Everyone hoped that the French forces in North Africa would welcome the Allies as liberators. The problem was that these forces were under the command of the Vichy occupation government, which collaborated with the Nazis. Complex negotiations designed to win over the Vichyites in North Africa preceded Operation Torch. Admiral Jean Darlan, the head of France’s armed forces, which still had a powerful fleet in Toulon, France, that the Allies wanted, was also approached by the Allies. But the Allies, justifiably afraid of leaks, did not entrust their French contacts with the date. Therefore, on November 8, 1942, when the landings commenced, what the French would do was still uncertain.
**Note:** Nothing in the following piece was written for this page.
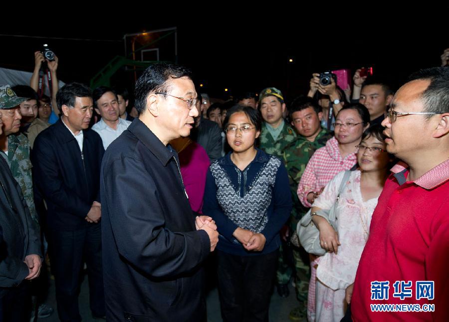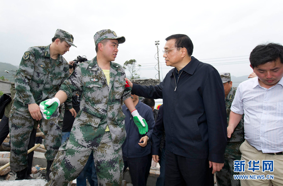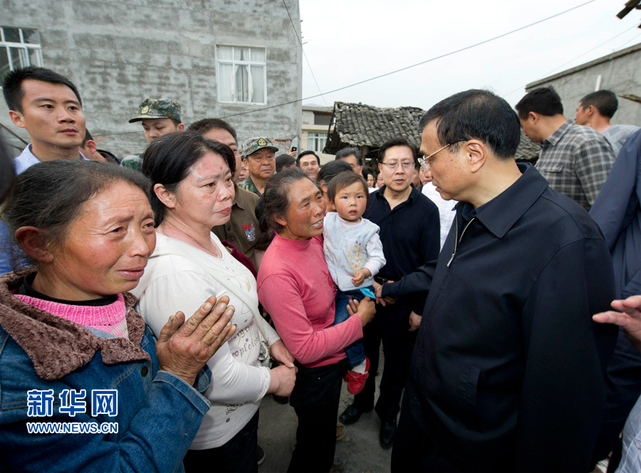 4月20日,中共中央政治局常委、国务院总理李克强抵达四川芦山地震灾区察看灾情,部署抗震救灾工作。这是李克强在灾情严重的双石镇看望受灾群众。新华社记者 黄敬文 摄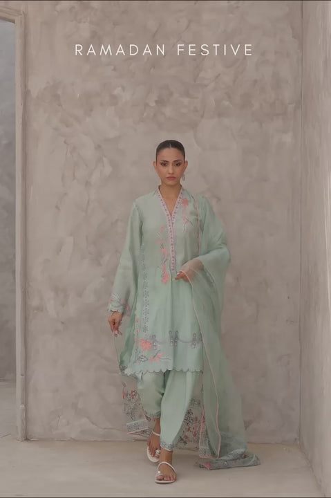 Delivery in 2-3 WeeksThis knee-length kameez, crafted from mint pure kora silk, carries florals touched with asymmetry. Embroidered blooms and patterns adorn the length, while lighter flourishes finish the sleeves. Intricate threadwork traces the neckline, finished with delicate scallops along the cuffs, hem, and side seams. A classic shalwar in matching pure kora silk, with embroidered hems, sits beneath. Completing the took, a mint organza dupatta floats lightly, its embroidered pallus perfectly tying in with the detailing across the ensemble. A refreshing composition that feels considered, light, and easy to wear.

Admiral Darlan, who by accident was in Algiers on November 8, initially ordered his forces to resist, then that evening announced a cease-fire in Algiers and two days later extended it throughout North Africa. However, Marshal Pétain in Vichy promptly canceled these instructions. Amid the resulting confusion in Oran and Morocco, fighting—some of it heavy—continued for days. The Moroccan operation turned out to be a shambles, thanks to poor military intelligence and inexperience, although its commander, Major General George S. Patton, Jr., would soon prove himself to be one of the war’s outstanding combat leaders. Even so, luck was with the Americans. Along the treacherous Moroccan coast, the landing conditions were ideal, with the seas calmer than usual. The Vichy French could not bring their superiority in manpower to bear because of the lack of transportation and general confusion. Spain, which had 100,000 troops in its part of Morocco, chose not to enter the war. U.S. divisional commanders displayed initiative after failing to make contact with Patton, and American forces quickly gained control of the sea and air. The French defense collapsed after three days.